I’ve lived in LA-LA land for a long time, so I’ve seen my fair share of plastic surgery—the very, very good, the very, very bad and everything in between. And because surgery is so common here—I swear there are more plastic surgeon’s offices than Starbucks in LA—I’ve been asked by a lot of my female clients if plastic surgery will get them a better man. Instead of giving them a yes or no answer, I often have a lot of questions for them. What can I say? I’m like the Cheshire Cat of plastic surgery advice. In case you’re wondering the same thing, here are those questions for you to ask yourself.
Do YOU want surgery?
This really is the main one. Do you want it? Not do you think some guy would want it? Not do you think it would make you look more like a model in a magazine? And definitely not do you think other people wonder why you haven’t gotten it yet? Do you want to get plastic surgery? If this really is for you, for whatever reason—confidence, health or just because you like the looks of it—go for it. And, yes, it will get you a better guy because good guys like women who feel great about how they look.
What do you mean by better?
When a client asks me if plastic surgery will get her a better guy, I have to ask what she means by better. The truth is that yes, huge boobs with a lot of cleavage showing will get you a lot more attention from men, whether those boobs are real or fake. But does more mean better? No, it really doesn’t. And can you imagine a good guy ever saying, “Yeah, I met the woman who I’m going to marry today. I can tell we have a future together because of her perfect boobs!” No way! Good men will love you for who you are. So, like I said above, if the surgery is for you and it makes you more confident and comfortable, then yeah, it could make your dating life better. But, that’s not the surgery that’s attracting the men. It’s your confidence!

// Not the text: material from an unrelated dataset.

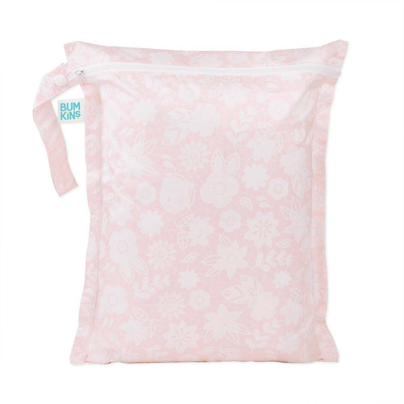 The better alternative to single-use plastic bags, the reusable Wet Bags are made from the same waterproof fabric as Bumkins award-winning SuperBib. These bags feature heat-sealed seams for true waterproof protection. A smooth zipper closure locks away the mess and single-ply construction means no worrying about icky stuff growing between layers of fabric. Wet bags are great for carrying diapers, dirty gym clothes and wet swimsuits. Not just for wet stuff these bags make excellent organizers for toys, accessories, toiletries, electronics, travel and more! With a snap handle, snap your bag wherever you need it stroller, changing table or suitcase. Bags are single compartment, non-gusseted, non-insulated and non-stretch.
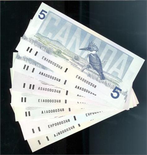 Matching serial numbered Birds set serial #0000348 1986 to 1991 icludes 7 notes $5 to $100 AU-UNC

What if in a year, you’re still single?
What if you got this surgery today and then in a year, you were still single? What would you think? If your answer is, “What a waste!” then do not get the surgery. That means that you’re just getting the surgery for dating purposes and that’s not going work. If your answer is, “I’ll probably be too busy obsessing over how great my even breasts/straight nose/gorgeous lips make me feel to think about anything else,” then surgery might be the right answer for you. Sounds like you’re considering it for the right reasons and the confidence you get from the surgery could have a very positive impact on your dating life, and life in general.
Bottom line—surgery won’t get you a better guy. But, a better you will get you a better guy. And that better you could come from plastic surgery or it could come from learning French or running a marathon. Whatever makes you more confident will make you a better dater. So, ask yourself these questions, and probably a few more of your own, before you head under the knife.